- [Task details]: Beginning with the line that includes "Skåpets färg Antracit" and ending with the last line, print the records exactly, leaving every picture out.

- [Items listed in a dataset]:
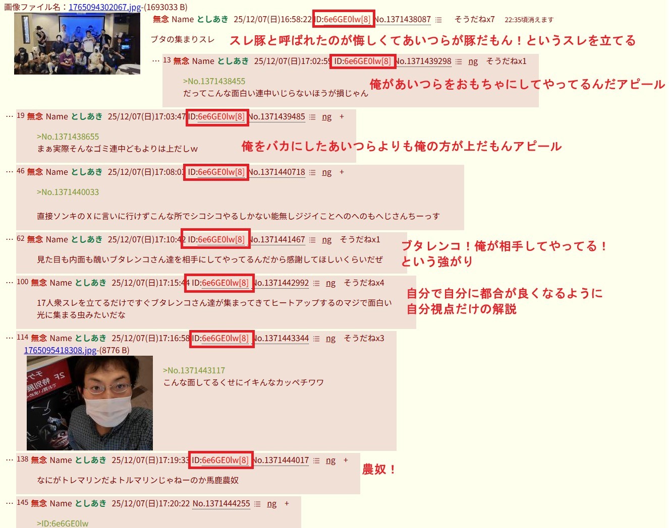 | … | 20無念Nameとしあき26/02/25(水)17:01:16No.1389954205そうだねx5 1772006476759.jpg-(274794 B) まぁオフ会写真貼るやつは自演してまで叩くクズだってとしあきは知ってるから意味ない工作だね(*´艸`) |
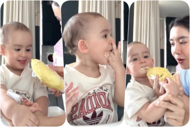 "ไอซ์ อภิษฎา" อวดโมเมนต์น่ารักลูกสาว "น้องเลอา" หม่ำทุเรียนครั้งแรก
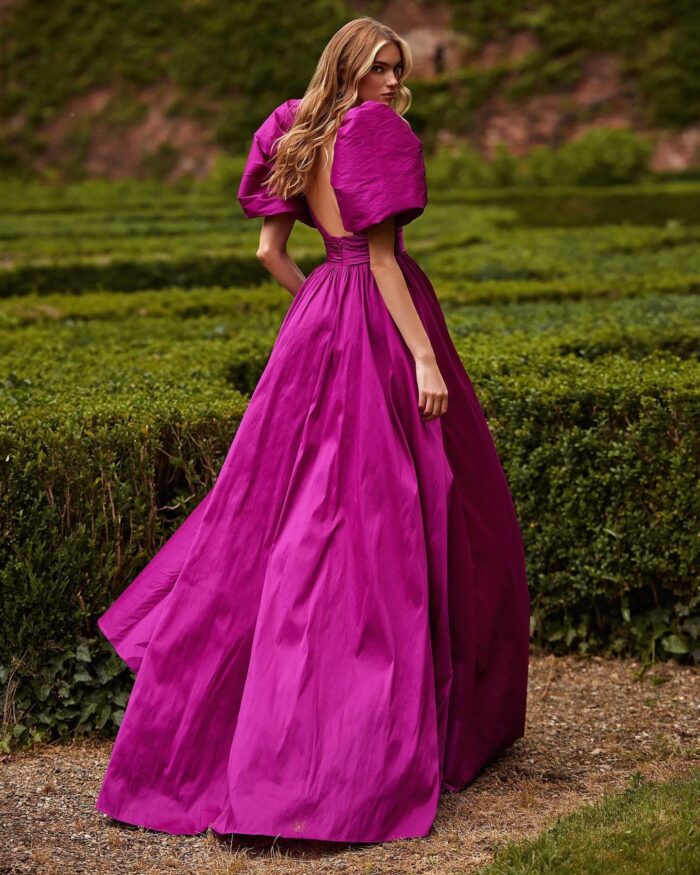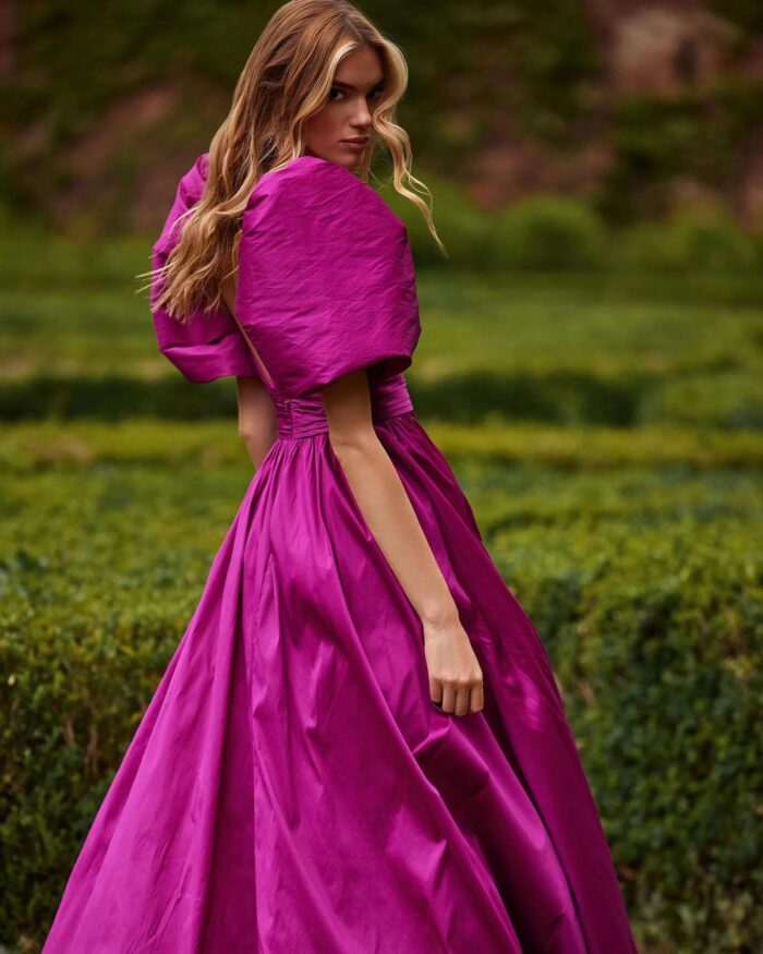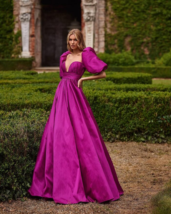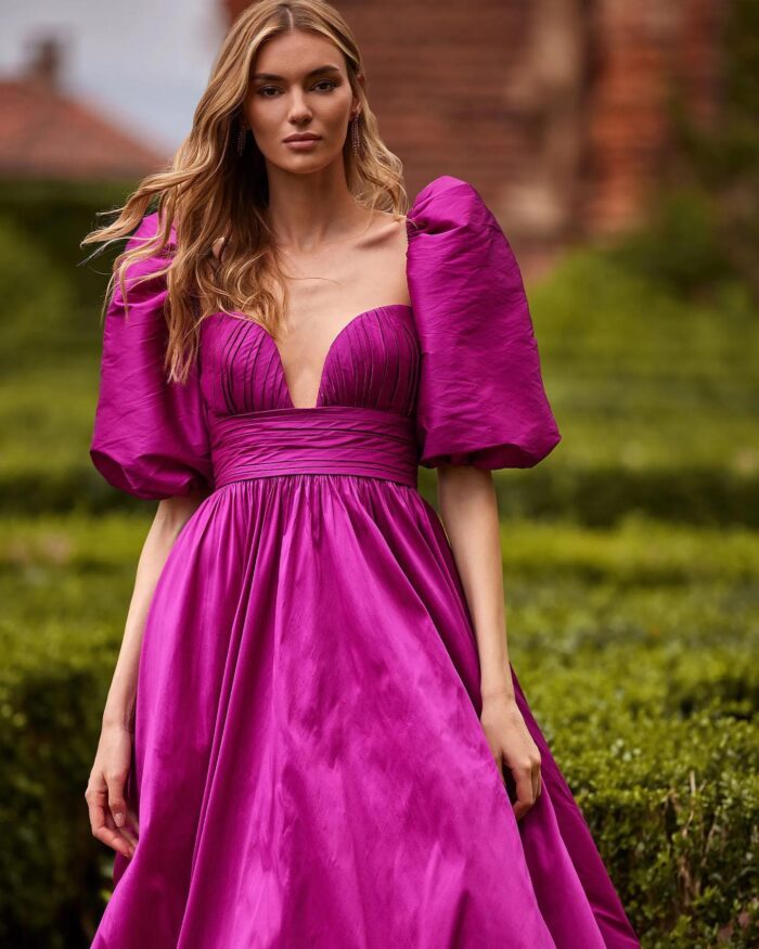 Abito nicole moments fucsia lungo con gonnellone scollo a cuore molto accentuato e spalline a palloncino
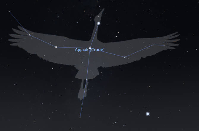 Yesterday I looked the star in the beak of the constellation of Cygnus the swan and the informal constellation or asterism made from most of its stars the Northern Cross. Cygnus is the official International Astronomical Union constellation name. However, the indigenous Anishinaabe people of our area had another bird in mind when seeing these stars, which are now fairly high in the east in the evening: Ajijaak, (pronounced a-ji-jock) a Sand Hill crane. While the swan is flying, neck outstretched to the south through the Milky Way, the crane is flying northward with its long legs trailing behind. The bright star Deneb is at his head. Where I live I see more cranes than swans these days and hear their creaking-door-like calls, and see a pair from time to time in a field south of where I live.
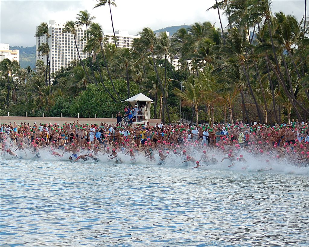 The Waikiki Roughwater Swim is also part of the legacy of multi-sport events. In the early 1980s, its distance gave birth to the swim leg of the Hawaiian Ironman Triathlon when its 2.4-mile distance became the standard distance of full-length Ironman triathlons.
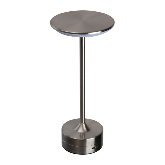 Lampă de birou din oţel inoxidabil cu acumulator (800 mAh). Intensitatea luminii poate fi ajustată și culoarea luminii poate fi schimbată între lumină caldă și rece. Include cablu de încărcare de tip C.
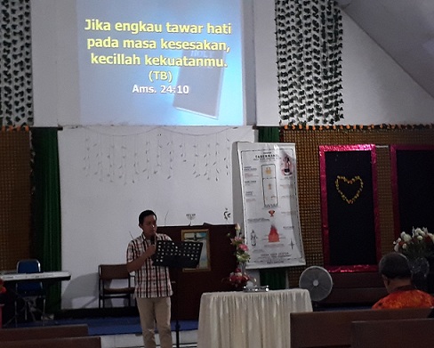 Ibadah tersebut dipimpin p;eh pelayan firman, Pdm Surya Roreng, dengan bahan renungan yang terangkat dari Amsal 24:10.
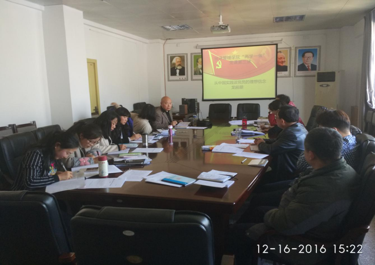 2016年12月16日,经济管理学院“两学一做”学习教育专题党课第三讲在综合楼1229室开讲,主题为“从中国实践谈党员的理想信念”,主讲人是我院国家社科基金获得者龙前朋老师,学院全体党员聆听讲座。
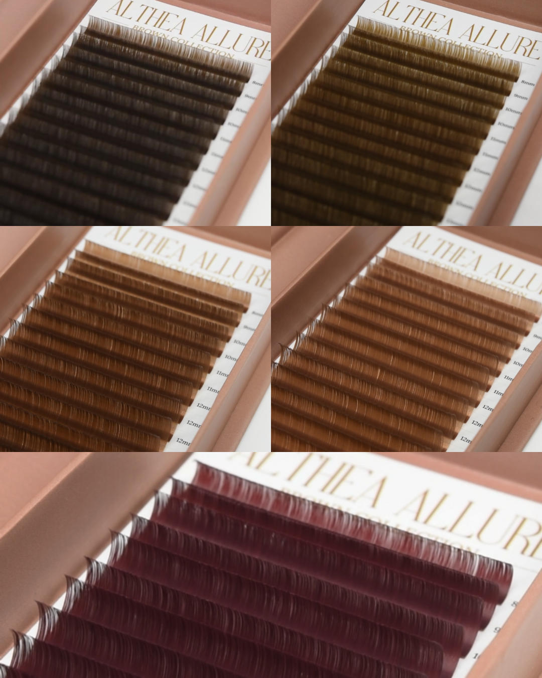 Althea Allure provides a variety of high-quality premium mixed (16 lines) trays in diameters 0.03 and 0.05, curls B, C, CC & D, and lengths as short as 8mm to as long as 20mm! Our Brown Collection trays are made with high-quality Silk Korean PBT fibers.
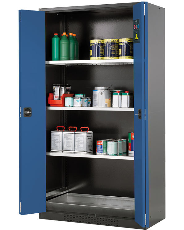 Skåpets färg Antracit grå (RAL 7016), med flygeldörrar i gentiana blå (RAL 5010), inredning med 3 x hylla, 1 x bottentråg (stålplåt galvaniserad)
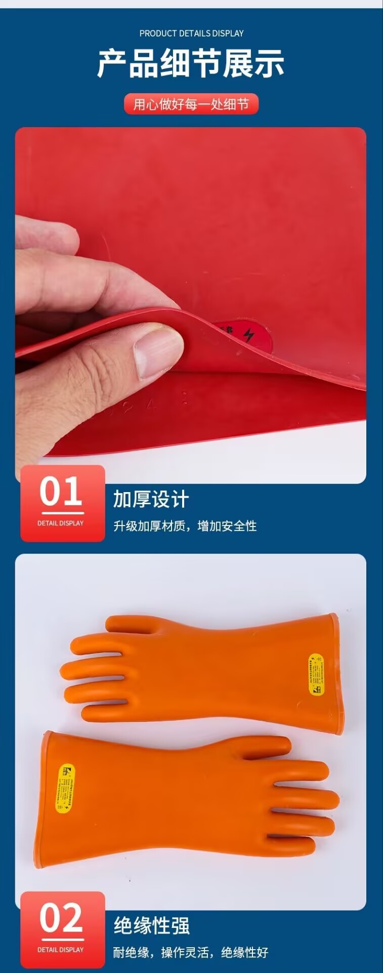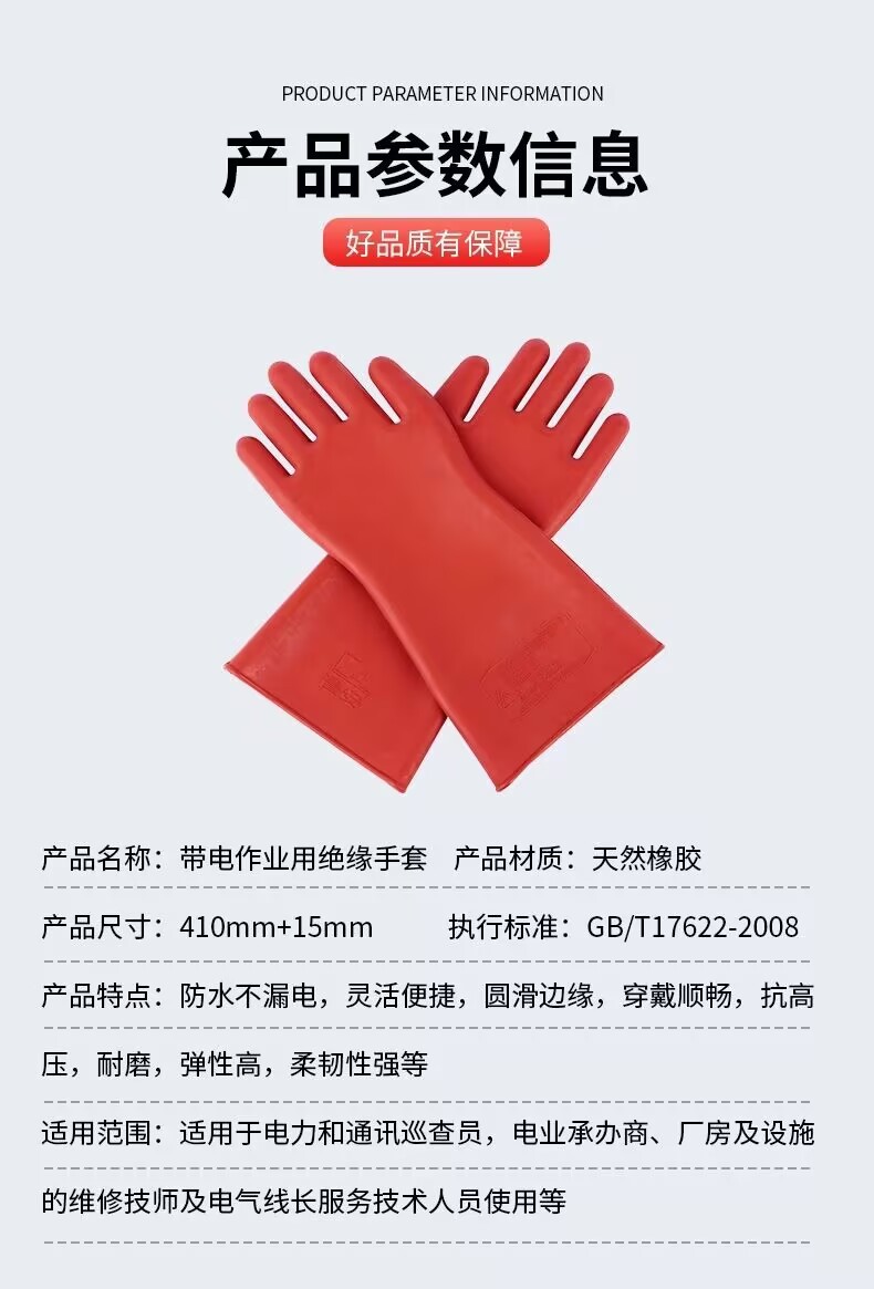 包装清单:1鲁安绝缘手套 带电作业电工安全绝缘防触电橡胶手套 劳保绝缘手套
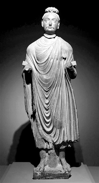 展厅伫立一尊重要的白沙瓦博物馆藏佛立像,如真人大小,鼻梁高挺面似欧罗巴人,一腿微曲重心凸显,具有典型古希腊、罗马雕塑特征。袈裟下仍见躯体之美,这样的表现手法或间接关联着中国美术中的“曹衣出水”。这件典型犍陀罗风格造像作于公元1-2世纪佛教飞升的早期。
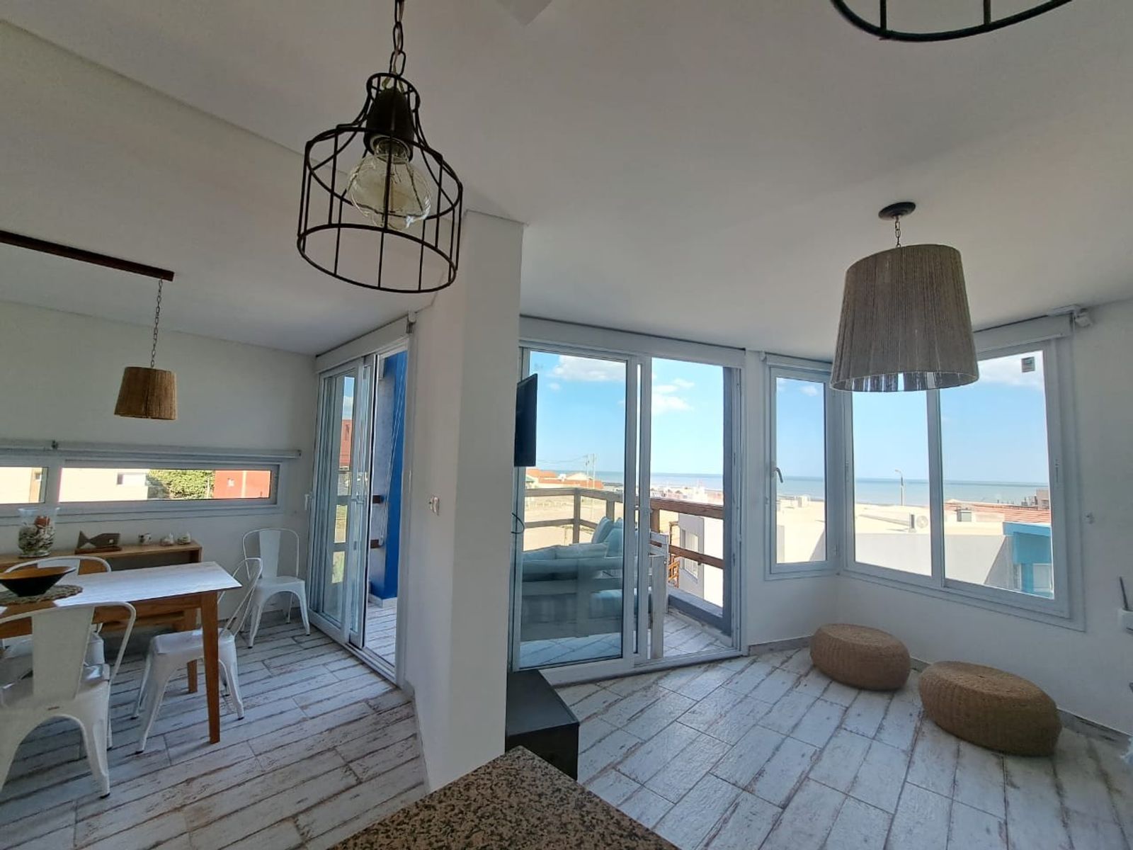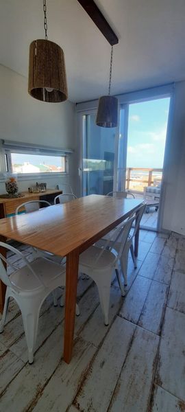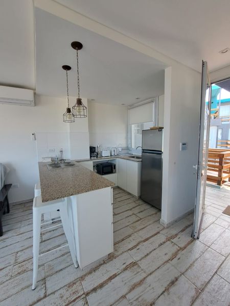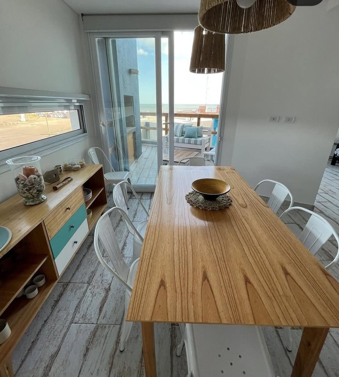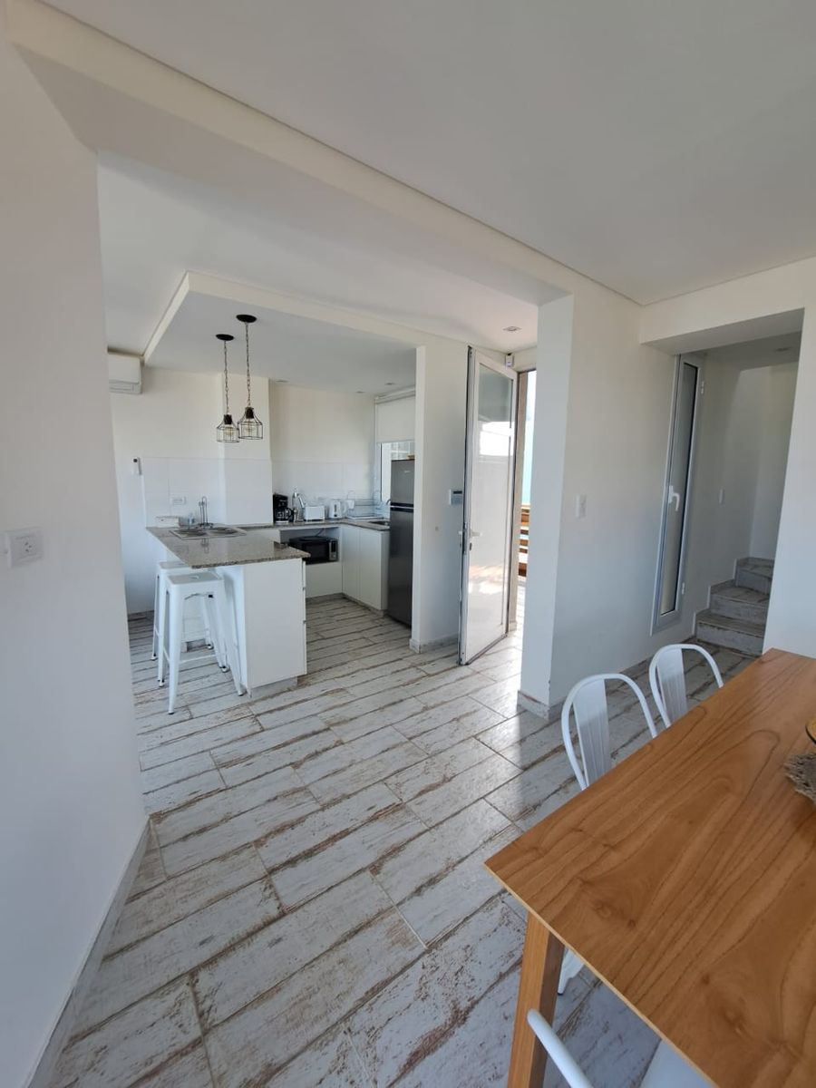 El primer piso del dúplex ofrece una entrada living/comedor de concepto abierto con vista al mar, que permite el acceso al balcón donde se encuentra la parrilla individual. La cocina posee heladera con freezer, microondas, horno eléctrico, cafetera, exprimidor, licuadora y tostadora junto con los distintos materiales de cocina.
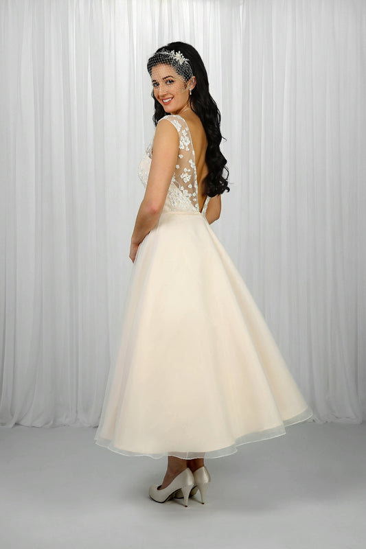 Stunning tea-length bridal gown with a full tulle skirt, and gorgeous lace bodice | em-mabel
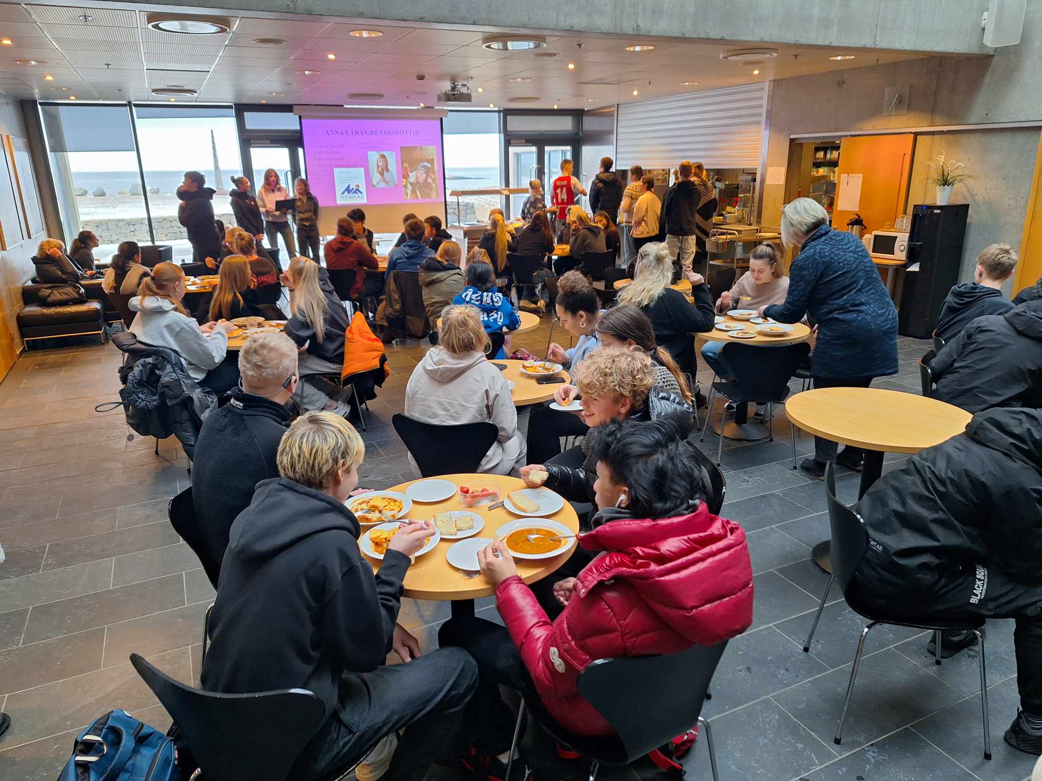 Í dag fengum við góða gesti í heimsókn en það voru nemendur í 10. bekk grunnskólans. Þeir voru hingað komnir til að kynna sér skólann enda orðið stutt eftir af grunnskólagöngunni og kominn tími til að athuga næstu skref í leik og starfi. Krökkunum var boðið í súpu og nýbakað brauð og var nemendum FAS og kennarahópnum einnig boðið í mat. Á meðan á snæðingi stóð kynntu forsvarsmenn nemendafélagsins félagslífið í skólanum.

- [Final answer]:
 Skåpets färg Antracit grå (RAL 7016), med flygeldörrar i gentiana blå (RAL 5010), inredning med 3 x hylla, 1 x bottentråg (stålplåt galvaniserad)
 包装清单:1鲁安绝缘手套 带电作业电工安全绝缘防触电橡胶手套 劳保绝缘手套
 展厅伫立一尊重要的白沙瓦博物馆藏佛立像,如真人大小,鼻梁高挺面似欧罗巴人,一腿微曲重心凸显,具有典型古希腊、罗马雕塑特征。袈裟下仍见躯体之美,这样的表现手法或间接关联着中国美术中的“曹衣出水”。这件典型犍陀罗风格造像作于公元1-2世纪佛教飞升的早期。
 El primer piso del dúplex ofrece una entrada living/comedor de concepto abierto con vista al mar, que permite el acceso al balcón donde se encuentra la parrilla individual. La cocina posee heladera con freezer, microondas, horno eléctrico, cafetera, exprimidor, licuadora y tostadora junto con los distintos materiales de cocina.
 Stunning tea-length bridal gown with a full tulle skirt, and gorgeous lace bodice | em-mabel
 Í dag fengum við góða gesti í heimsókn en það voru nemendur í 10. bekk grunnskólans. Þeir voru hingað komnir til að kynna sér skólann enda orðið stutt eftir af grunnskólagöngunni og kominn tími til að athuga næstu skref í leik og starfi. Krökkunum var boðið í súpu og nýbakað brauð og var nemendum FAS og kennarahópnum einnig boðið í mat. Á meðan á snæðingi stóð kynntu forsvarsmenn nemendafélagsins félagslífið í skólanum.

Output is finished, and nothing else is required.